A study by Robert Wilson, a professor at Rush University Medical Center in Chicago, and his colleagues, showed for the first time that children under the age of 18 when moderately neglected in some manner by their caregivers had a 3 times likely risk of stroke over those with moderately low levels, after controlling for some common risk factors (they interviewed 1,040 participants ages 55 or older; after 3 1/2 years, 257 of them died and 192 were autopsied, with 89 having stroke evidence upon autopsy and another 40 had a history of it). Neglect, bullying, and abuse have previously been linked to changes in the brain's grey matter and white matter and to accelerated ageing.

==Statistics==
In terms of who is reported for neglectful behaviour, it is most often women. The higher proportion of females reported for neglect may reflect the social attitude that mothers are responsible for meeting the needs of their children. In recent years, latent issues for child development and for the culture and political economy that are associated with paternal neglect have received more attention, however. Neglecting parents interact less with their children, engage in less verbal instruction and play behaviour, show less affection and are involved in more negative interactions with their children, for example, verbal aggression. Often parents who neglect their children are single parents or disabled mothers who already have to care for themselves, and therefore the child is an additional stress. This additional stress is often neglected. Family size can contribute to child neglect. If a family has several children, they may not be able to give all the children all the necessities needed to survive and thrive. Unfortunately, if the family cannot provide for all their children, children can suffer neglect. Family history can play a role in parents' neglectful behaviour. If parents were neglected as children meaning they learned neglectful behaviour from their parents, they often internalize and believe those behaviours to be the "norm", which results in neglecting their children. In one study done in 2011, results showed that one in four mothers were neglectful, and neglect was four times as likely with a maternal history of physical abuse in childhood than with no history of maltreatment. Neglect is by far the most common type of child abuse reported in the U.S., and in 2016, it accounted for nearly 65 per cent of child abuse cases.

==Disclosure==
Research suggests that most neglected children, even when they can talk to a professional about their circumstances, do not use the word 'neglect' and may not even indicate that they are being neglected. It is therefore recommended that professionals are proactive in exploring for and identifying neglect.

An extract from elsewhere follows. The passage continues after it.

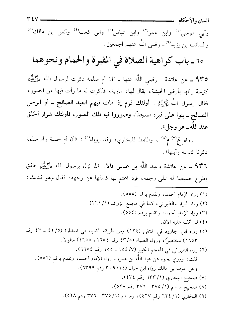 935 - عن عائشة -رضي الله عنها- "أن أم سلمة ذكرت لرسول الله - صلى الله عليه وسلم - كنيسة رأتها بأرض الحبشة، يقال لها: مارية، فذكرت له ما رأت فيها من الصور، فقال رسول الله - صلى الله عليه وسلم -: أولئك قوم إذا مات فيهم العبد الصالح -أو الرجل الصالح- بنوا على قبره مسجدًا، وصوروا فيه تلك الصور، فأولئك شرار الخلق عند الله -عز وجل".
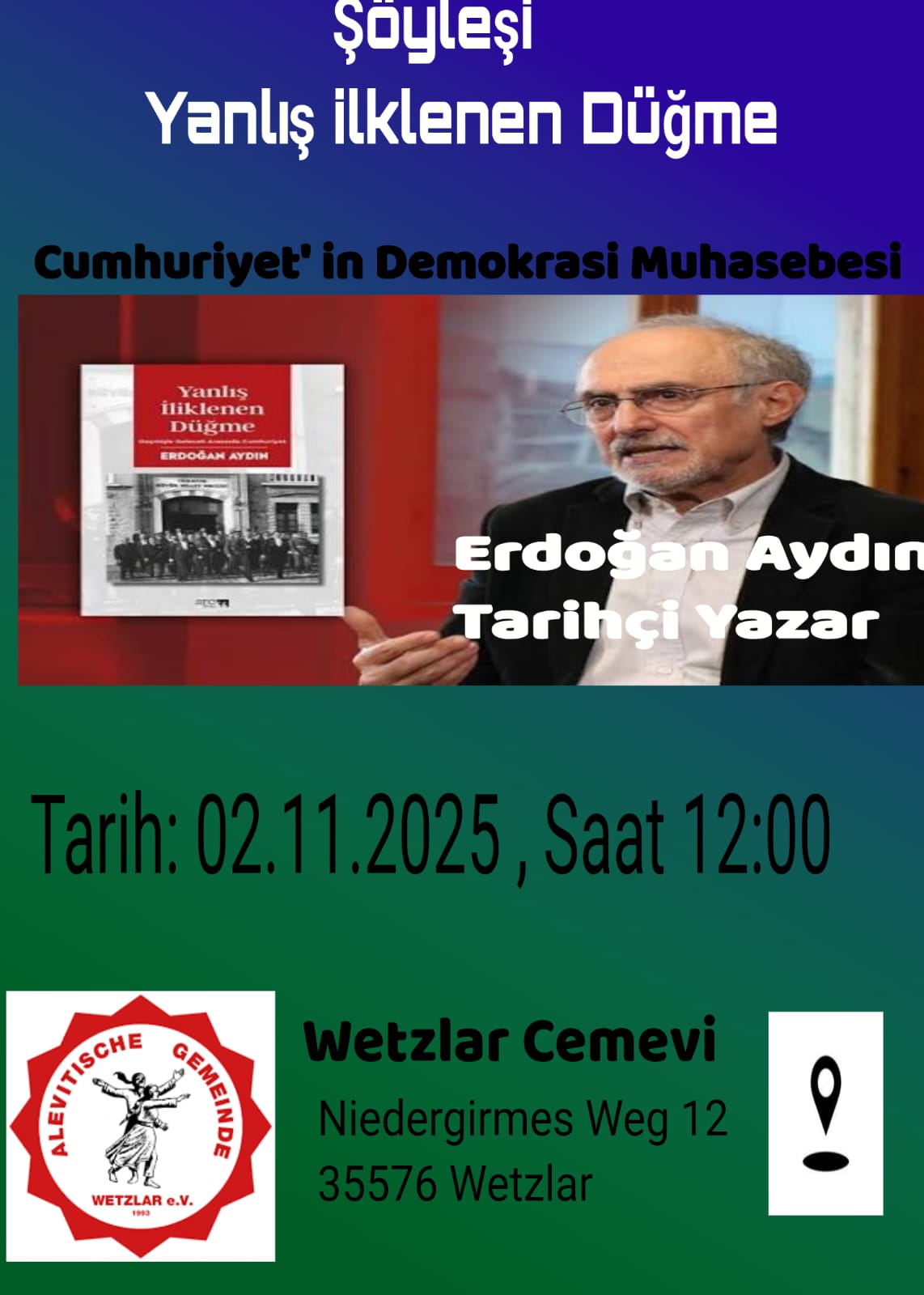 ⌈Haber Merkezi⌉  Tarihçi-yazar Erdoğan Aydın, Ekim ayı sonunda Almanya’nın farklı kentlerinde Alevi kurumlarının ev sahipliğinde düzenlenecek bir dizi panel ve söyleşiyle okurlarıyla buluşacak. Söyleşi dizisi kapsamında Aydın, hem “Yanlış İliklenen Düğme – Geçmişle Gelecek Arasında Cumhuriyet” kitabını tartışmaya açacak hem de Alevi kurumlarının çağrısıyla düzenlenen “Barış ve Demokrasi Mücadelesinde Aleviler” başlıklı panele katılacak.

When neglect is disclosed, action is not always taken. Equally, when professionals pass concerns about neglect on to other professionals in the workplace they find those professionals do not always respond. The NSPCC recently reported on the case of a teaching assistant, who contacted the organization with concerns about a particular child. The teaching assistant asked to remain anonymous, fearing that she would be sacked by her school if they were to find out that she'd made the disclosure.

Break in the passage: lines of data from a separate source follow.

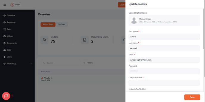 A drawer panel will open, displaying all exhibitor profile form fields.
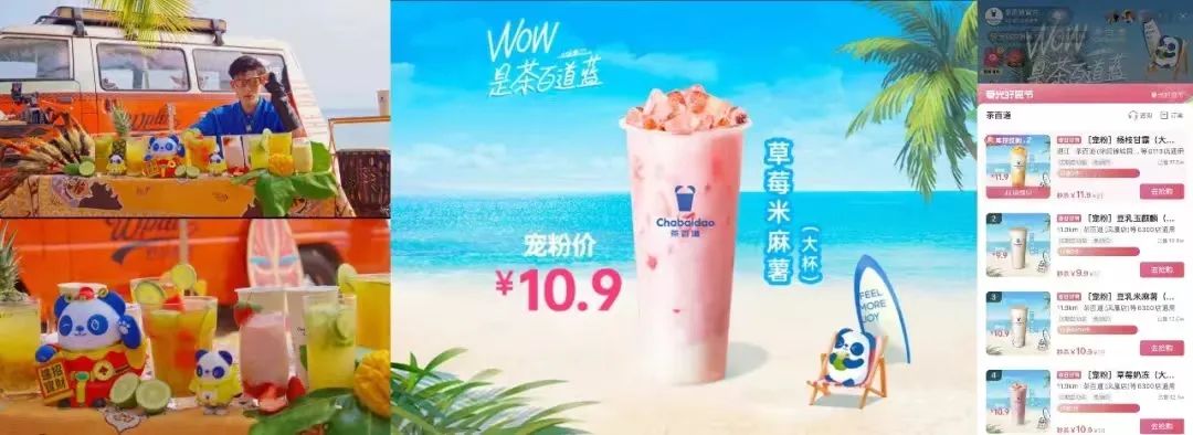 去年,茶百道在三亚做了一场直播,把直播间打造成三亚海景风格,海上摩托艇、彩虹拖伞、海岸线航拍这些元素都进入到品牌直播间里。据报道,这次单日直播GMV破亿。
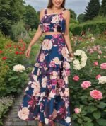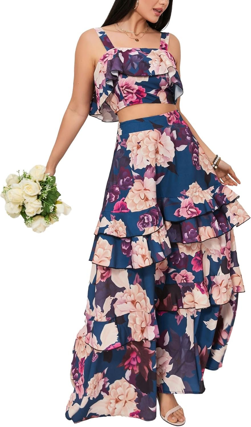 Our summer two piece outfits designed with floral printed, strap crop tops, sleeveless, tank top, ruffle tiered layered maxi skirt, flowy swing hem, boho style. Highlight your figure and add your glamour. Make you more stylish and sexy. Best gift for your friends or yourself this summer!
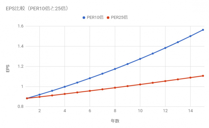 EPSの成長率にこれほどの差が出る理由は、PER25倍の方がPER10倍の方より株価が高いため、自社株買いの効率が悪いためです。
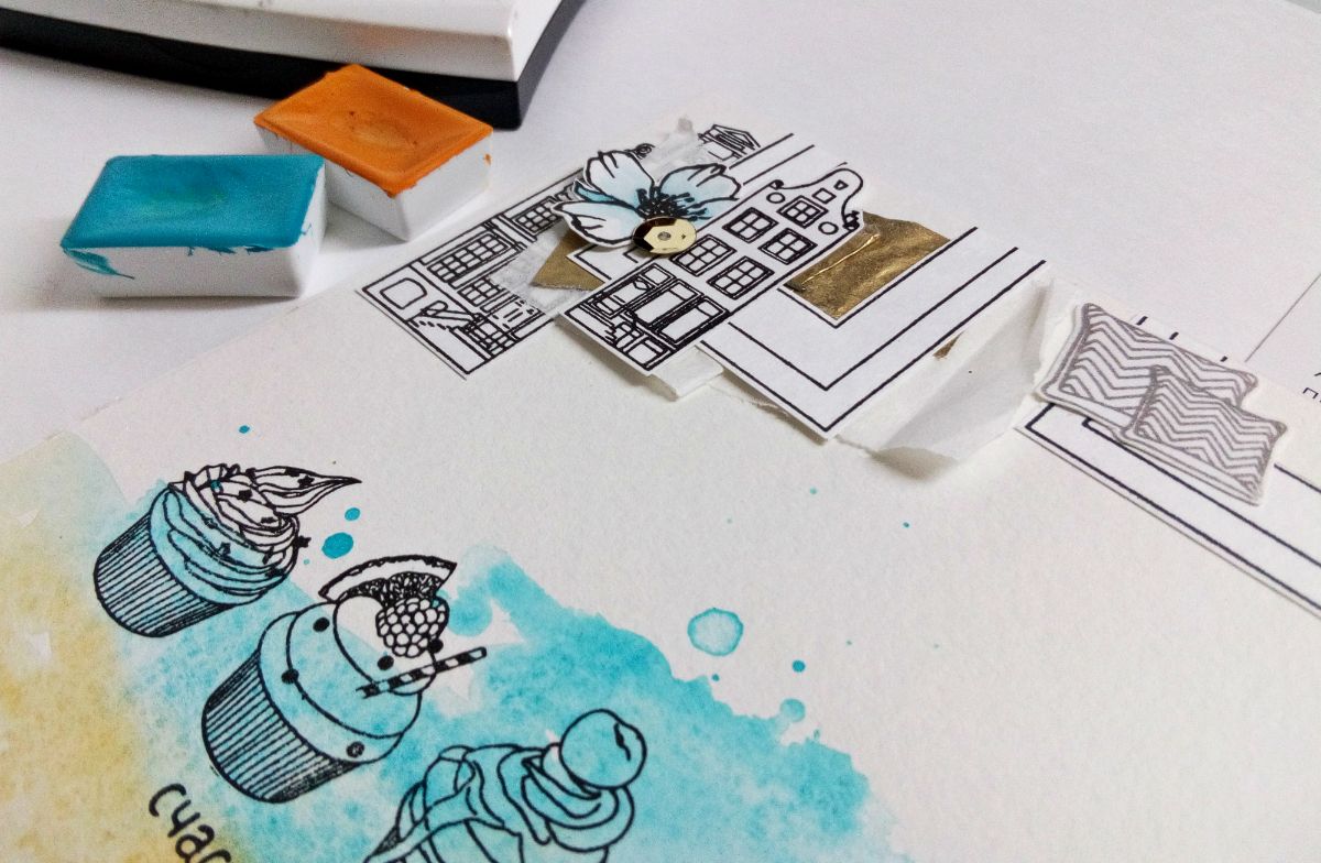 Для создания первой открытки я взяла купеческие домики, дополнила их уютными подушками шеврон, добавила рамки с паспарту и лютик-цветочек.

==Assessing and identifying==
Assessing and identifying neglect pose several challenges for practitioners.

Selecting the right method to identify neglect can be helped by having a clear conceptualization of neglect. Neglect is a process whereby a child experiences developmental delay owing to the fact of not having received sufficient levels of any combination of care, stimulation or nutrition, which collectively can be referred to as nurturance. Given that neglect is a dynamic between the child's development and levels of nurturance, the question in identifying neglect, becomes one of where does one start, with the child's development or with the levels of nurturance?

===Development-focused methods===
Some professionals identify neglect by measuring the developmental levels of a child, for if those developmental levels are normal, one can, by definition, conclude that a child is not being neglected. Areas of development that could be measured include weight, height, stamina, social and emotional responses, and speech and motor development. All these features go up to make a medical assessment of whether a child is thriving, so that a professional looking to start an assessment of neglect, might reasonably start with information collected by a doctor. Infants are often weighed and measured when seen by their physicians for well-baby check-ups. The physician initiates a more complete evaluation when the infant's development and functioning are found to be delayed. What this suggests is that social work staff could consult medical notes to establish if the baby or child is failing to thrive, as the first step in a pathway towards identifying neglect. If developmental levels are subnormal, then the identification of neglect requires the professional to establish if those subnormal levels of development can be put down to the level of nurturance experienced by the child. One needs to discount that the developmental delay was caused by some genetic condition or disease. These development-focused methods used for detecting child neglect and abuse are among the most effective we have to date, are useful tools for professionals to quickly recognize and easily detect when something is amiss in regards to the care of a child.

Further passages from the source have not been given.